I jotted this down as a note a few weeks ago on my phone. My husband and I had gone up to Gloucestershire to visit my parents for a few days, and on the first evening we took our dog out for a short walk before bed.

If you have read my previous post, you’ll know that my teenage years were a little difficult with school and the bullying that I encountered there. This feels like a good time to share this writing… not only as a follow on from that, but also because I’ve realised that going back to a place can stir up so many different memories, emotions and even behaviours. However, I have also realised that a ‘safe space’ doesn’t always have to be co-ordinates on a map, it can also be a person.

I am very lucky, that my safe person is my husband. I realised when I spent time in Gloucestershire a couple of days ago without him, that I felt very different to how I feel when I am at home in Somerset. He helps to ground me, here in the present. He reminds me – often without words – that I am safe, I am loved and that I am not a scared fourteen year old girl any more.

I still have a lot of healing to do – but I have been with him now for sixteen years. Sixteen years of visiting my parents and not once did I attempt to bring him to this place described below – it was too painful. However, as an adult, with him by my side, with the healing that I have started to do I felt brave enough. However, as you’ll read, it did also stir up a lot of emotion.

This is unedited.

I was going to take him there, to show him the spot where a smaller version of me would sit, and wait

I never knew what for, but I knew where I didn’t want to be, where I couldn’t be, who I couldn’t face, again

Two swings and a slide, bark upon the ground. It was like a little secret area but it wasn’t a secret at all.

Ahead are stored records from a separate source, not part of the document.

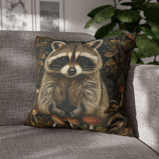 William Morris Inspired Woodland Raccoon Mushroom Decorative Pillowcase | Cottage-core Pillowcase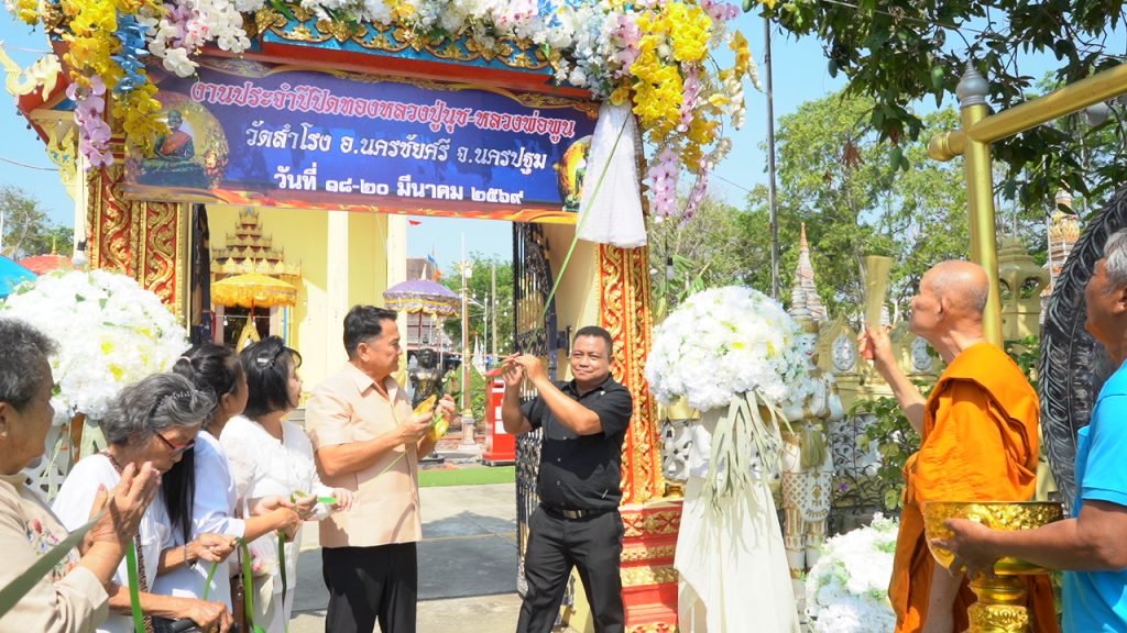 พระครูสิริปุญญาภิวัฒน์ เจ้าคณะอำเภอนครชัยศรี เจ้าอาวาสวัดสำโรง อ.นครชัยศรี จ.นครปฐม จัดพิธีเปิดงานประจำปีปิดทอง หลวงปู่นุช-หลวงพ่อพูน ระหว่างวันที่ 18-20 มี.ค.69 โดยช่วงเข้าวันนี้ได้มีพิธีแห่ พระพุทธปฏิมากรรัตนโกสินทร์ หลวงปู่นุช-หลวงพ่อพูน ทางน้ำ (แม่น้ำท่าจีน) โดยมีชาวบ้านบริเวณใกล้เคียงต่างนำเรือนานาชนิด เข้าร่วมพิธีแห่พระทางน้ำด้วยกว่า 100 ลำ โดยเริ่มแห่จากแพท่าน้ำที่พักสงฆ์พระพุทธเจ้า ต.สัมปทวน อ.นครชัยศรี จ.นครปฐม มายังท่าน้ำวัดสำโรง ระยะทางกว่า 2 กม. จากนั้นเจ้าอาวาสวัดสำโรง นำอดีต ส.ส.นายประถม สูญจันทร์ นายณัทกร ตุ้มทองคำ นายก อบต.สำโรง นายพัสกร ลาภลมูล อดีตกำนันตำบลสำโรง และประชาชนร่วมประกอบพิธีบวงสรวง พร้อมเปิดป้ายงานงานประจำปีปิดทอง หลวงปู่นุช-หลวงพ่อพูน ภายในงานมีการออกร้านค้ามากมาย พร้อมมหรสพ เช่น รำวงย้อนยุค ตะกร้อรอดห่วง การแข่งขันเรือเร็ว เช่น เรือปลาท้องตอน 10 ศอก เรือปลาท้องตอนสแตนดาร์ด (ชาวบ้าน) ยาว 3 วา 1 ศอก ฯลฯ ชิงเงินรางวัล 5,000-3,000 และ 2,000 บาท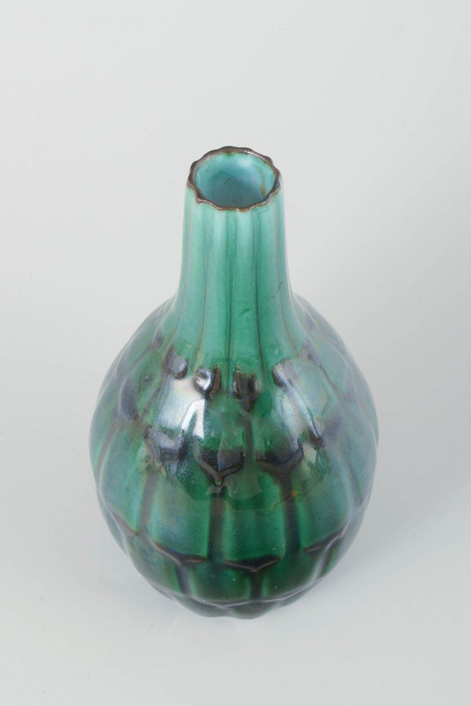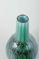 Lille dråbeformet vase i stentøj med blank grøn og blå glasur i lodret reliefmønster.

My mum once told the woman from the school that I could be anywhere, that I knew those alleyways like the back of my hand… I didn’t know them tonight as a woman. I lost my way, doubled back.

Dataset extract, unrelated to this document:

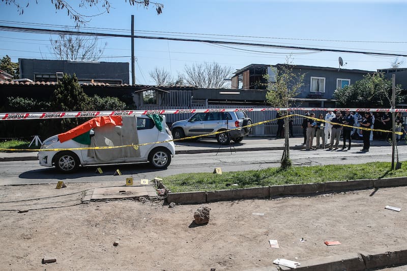 Según constató un equipo de Meganoticias en el lugar, al menos dos de los disparos fueron a dar en otro vehículo, que estaba estacionado en la misma calle y nada tendría que ver con el presunto objetivo de los delincuentes.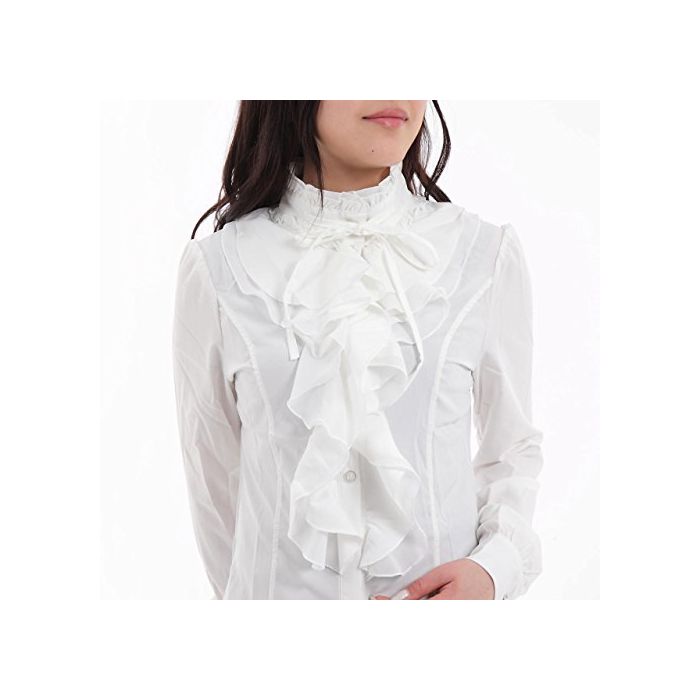 가슴 팍의 프릴이 매우 화려한 분위기를 연출시켜 주는 블라우스입니다

It was gone, all of it. I looked at the house that now stood in its place, it was established.

Nearly 20 years on and I am not established.

Bricks and mortar don’t erase a place. They don’t erase the sadness that a place can hold.

I wonder if when they tuck their children up in bed, they know that a girl once sat in this place because she didn’t know where else to go.

That she was so lost, just 5 minutes from home.

That in 20 years she would hold her husbands hand as she looked for that place, the place that is so vivid in her mind and find that it was long gone.

Just another house, in another cul de sac.

But one full of memories.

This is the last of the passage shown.